When the witch hunt is over, likely the report will recommend drowning both Clinton and Bush. There is no doubt we should have cleaned the al Qaeda out of Afghanistan before 911. However, I strongly doubt if we could have done much. Look at Afghanistan. They couldn't have picked a better place. A tough mountainous country surrounded by other Muslin countries. Even after 911, Musharraf risked his life helping us, and had trouble maintaining power. Last week, he had trouble with the tribal leaders in the area of the siege. Any Muslin leader that helped us attack Afghanistan would have been replaced, dead or alive. Lobbing a few cruise missiles in wouldn't have worked. We needed troops. It is unacceptable and dangerous to overfly a country without their permission. We wouldn't have wanted reinforcements marching in from all sides.

Likely some of you lack the intellectual honesty to admit even to yourself that you would have screamed if Bush would have done it. I doubt even the countries that are supporting us in Iraq could have before 911. Democracy or dictatorship, you can only push the people so far. The same people that are screaming over Iraq would have opposed any real action in Afghanistan.

Since Clinton's procedures were not preventing attacks, destroying the al Qaeda, or producing good intelligence, why should have Bush have continued to follow such ineffective ones? We could have, and should have tightened up our airports and immigration law. Still, people would not have supported that, especially any additional hassle for travelers and expenditures. Stopped at least one of the airliners? Shoot down one of our own civilian airliners with passengers aboard?

Or is anything OK to say or do, if it might gain Kerry one more vote?
 
quote:

Originally posted by labman:
Likely some of you lack the intellectual honesty to admit even to yourself that you would have screamed if Bush would have done it. I doubt even the countries that are supporting us in Iraq could have before 911. Democracy or dictatorship, you can only push the people so far. The same people that are screaming over Iraq would have opposed any real action in Afghanistan.

labman,
you raise a good point there.

I very much doubt that I would have supported U.S. action in Afghanistan before 9-11. Post 9-11, I support that action.
 
"Kept everybody on their toes. "

------------------------------------------------------

Oh come on now. The pilots were training during 2000. I am not blaming any administration. I am blaming the institutions and departments. Receiving reports and doing nothing is not proactive nor reactive, it's doing nothing!

They crashed the planes into the Pentagon! The center of the nation's defense! Everyone, and I mean everyone, was asleep at the wheel.

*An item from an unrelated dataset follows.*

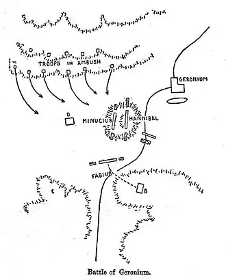 Esta táctica militar se estaba volviendo impopular en Roma, y Fabio se vio obligado a volver a Roma para defender sus acciones bajo la excusa de la observancia de algunas obligaciones religiosas. Mientras tanto, Marco Minucio Rufo, su magister equitum, quedó al mando, y fue capaz de tomar a los cartagineses con la guardia baja cerca de su campamento de Geronium e infligir duras pérdidas en una importante escaramuza. Esta victoria hizo que los romanos, descontentos con Fabio, elevasen a Minucio a un rango igual que el del dictador: Minucio tomó el mando de la mitad del ejército y acampó en un campamento separado del de Fabio, cerca de Geronium. Aníbal, informado de estos hechos, creó una elaborada trampa que atrajo a Minucio y a su ejército para luego atacarlo desde todos los flancos.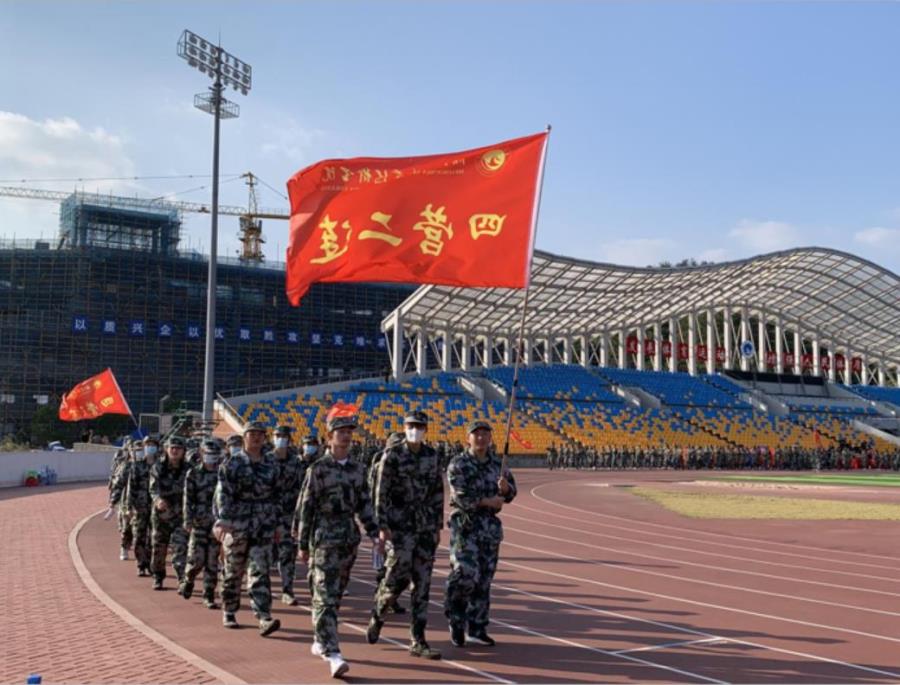 工商管理系参与2021级新生军训拉练活动

Mr. Clarke, that means you as well.
 
Labman, I think as well that pre-911 it would have been difficult to get support for an invasion of Afghanistan but that is the duty of a President, to lay a credible foundation and case for support of his actions based on facts. I have also never seen one post here that does not support Bush's decision to invade Afghanistan. I also don't remember seeing any world condemnation for it either. The original and continued intent and objective of the 911 Commission and the Steering Committee that pushed for it's creation is to make sure we don't make the same mistakes again, it's not to get either party elected.
 
"...I'm not going to bother to waste my time to dig up nuggets that demonstrate the same about liberals as what you posted in regards to conservatives."

I guess that's the difference between us, Forkman. I always feel obligated to provide facts, sources, quotes, and links to back-up what I say. Some others, either because they know there's nothing out there which backs-up their opinions, or simply because they're lazy, post controversial opinions and then expect folks to blindly accept 'em. Oh, and I noticed that I had posted to only ONE of four recently-locked threads, but hey, don't bother letting the facts get in your way... Why start now?